Exposure to lethal doses of radiation killed nearly 30 firefighters and plant workers in the 1986 Chernobyl nuclear disaster. A new drug currently being tested at UTHSC might have saved many of them, even if administered hours after exposure. The Fukushima Daiichi nuclear accident of 2011 provides a more contemporary lesson on the dangers of radiation, according to Gabor Tigyi, professor and head of the UTHSC Department of Physiology. “With Fukushima, humankind got a sobering reminder that we’re playing with fire, and we don’t yet have a fire extinguisher,” he says. But, thanks to Tigyi and colleague Duane Miller, UTHSC Van Vleet endowed professor and head of the UTHSC Department of Pharmaceutical Sciences, we may be very close. Tigyi and Miller’s therapeutic “fire extinguisher” is a small lipid-mediating molecule—a biological messenger that prompts a protective cellular response. Tigyi and Miller are developing and testing their molecule under the trade name RX100. Lethal doses of radiation trigger apoptosis, or programmed cell death, where the radiation signals the body’s cells to die. RX100 binds with cells’ protein receptors and, instead, signals the cells to live and repair their damaged DNA. At therapeutic doses, the drug causes no negative side effects. The gastrointestinal tract and bone marrow are particularly vulnerable to the ravages of radiation, and RX100 has proven effective in arresting and reversing radiation-induced cell death in both systems. And trials on nonhuman subjects have proven the drug’s ability both to prevent acute radiation sickness, if taken in advance of exposure, and to mitigate the illness if taken up to 72 hours after exposure. RX100’s unique bioactivity may make it suitable for treating victims of diarrheal diseases, including cholera, which, like radiation, disrupts the cells lining the small intestine. In cancer patients, the drug might help sustain noncancerous cells damaged by the side effects of chemotherapy or radiation treatments. In 2003, Tigyi, Miller and UTHSC colleagues Leonard Johnson and Shannon McCool formed the biotech startup company RxBio Inc. to guide RX100and related products to market.

For more information, visit the RxBio website: rxbio.com.

 

9. Power Storage

Innovations improve wind and solar energy battery

Vanadium Flow Battery
Vanadium Flow Battery (VBF)

When the sun shines and the wind blows, solar panels and wind turbines feed millions of kilowatts hours of electricity into the nation’s power grid. But, when the sun sets and winds calm, power flowing from these renewable energy sources abruptly ceases. To date, there is no widely available and cost-effective way to store excess solar and wind energy for use during times of peak demand or to rescue end users from power outages. But two UT Knoxville researchers may be on the verge of resolving the energy-storage dilemma. The vanadium flow battery (VFB) has been around since the 1980s, but Thomas Zawodzinski, UT-ORNL Governor’s Chair in electrical energy storage, and Matthew Mench, Condra Chair of Excellence in Mechanical Engineering, have developed techniques for achieving a 2,000 percent increase in the speed at which the VFB’s stored energy can be accessed. The element vanadium can exist in multiple states of electrical charge, making it an ideal energy transport and storage medium.
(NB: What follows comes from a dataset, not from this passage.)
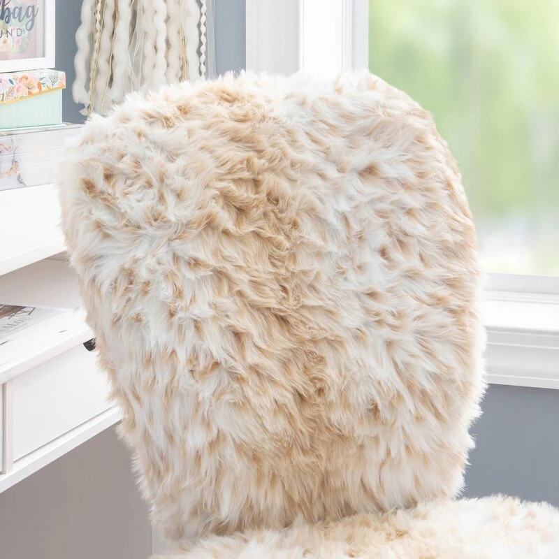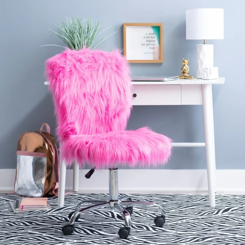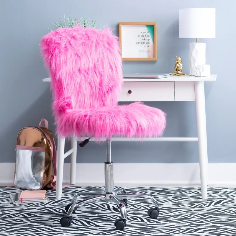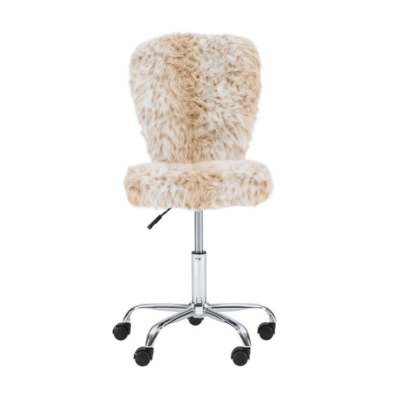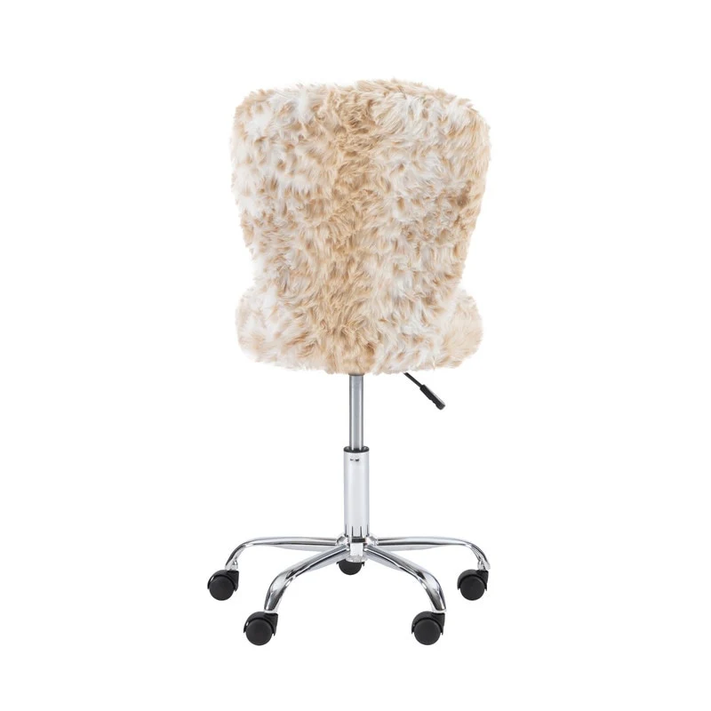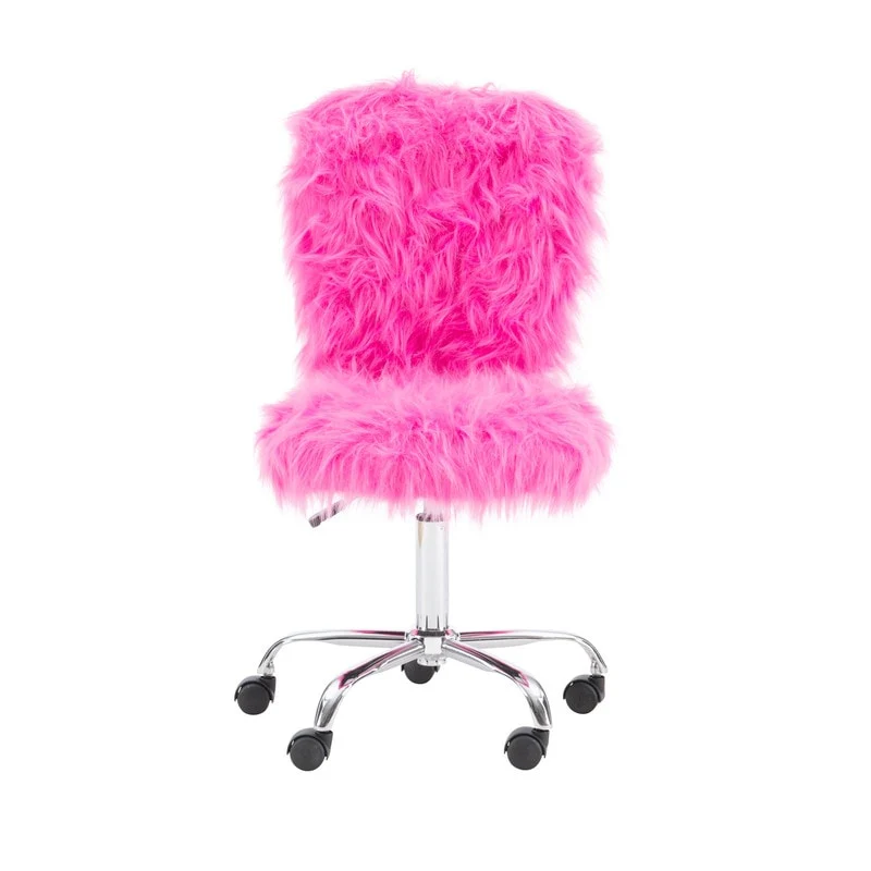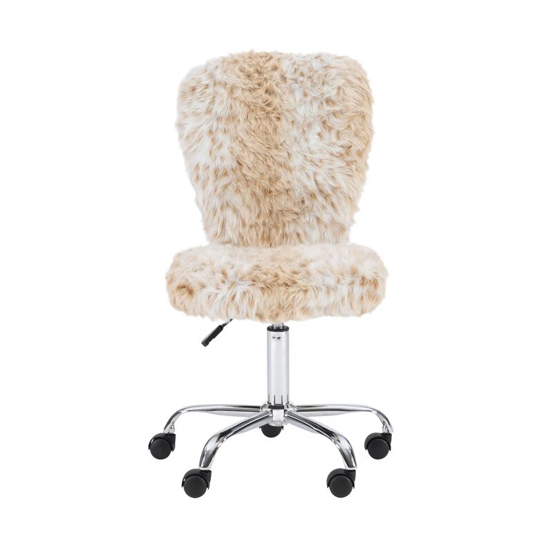Add a touch of glam to your workspace with the Clara Faux Fur Armless Office Chair by Cara. This chair features soft faux fur upholstery and a sleek silver chrome base, providing both style and comfort. With easy roll casters and a gas lift adjustable seat, you can customize your workspace to fit your needs. Available in off-white, pink, blush, and snow leopard.

Matthew Mench and Thomas Zawodzinski
Matthew Mench and Thomas Zawodzinski

In the VFB, two tanks store electrolyte solutions, one containing positively charged vanadium ions and the other filled with negatively charged vanadium ions. The two solutions are pumped into the battery’s reactor, where they remain separated by a thin membrane. When wind or solar power charges the battery, the vanadium ions in the positive side of the system give up electrons, which travel through the system’s electrodes and are captured by vanadium ions on the negative side. When the battery’s stored energy is discharged and fed into the electric grid, the flow of electrons is reversed. The VFB system can be charged and discharged much like a rechargeable battery, and because both sides of the reactor contain the same element, there is little concern over cross contamination if vanadium atoms penetrate the reactor’s central membrane. VFBs can be configured into large stacks containing multiple reactors, boosting power storage and generation capacity. Zawodzinski and Mench, who gained valuable experience from years spent working on hydrogen fuel cells for the auto industry, are currently seeking patents for their proprietary innovations to improve VFB’s performance and efficiency. These innovations focus on reducing the system’s losses, identifying improved materials for the system’s charge-carrying electrodes and membrane separator, and modifying the reactor architecture. Commercial partners have already stepped forward to license Zawodzinski and Mench’s technologies.

 

10. Vision Quest

Compound delivers sight-saving drug

A powerful therapy borne by a tiny particle may hold the cure for a progressive eye disease that slowly robs nearly 20 percent of older adults of their vision. Age-related atrophic macular degeneration (AMD) causes the light-sensing cells—the rods and cones—in the macula, an organ in the center of the retina, to die. AMD sufferers retain peripheral vision, but their central vision declines, making it difficult to read, watch TV or perform basic tasks. “The longer you live, the more likely you are to develop AMD,” says Monica Jablonski, UTHSC professor of ophthalmology. “And currently there is no FDA-approved treatment for the disease.”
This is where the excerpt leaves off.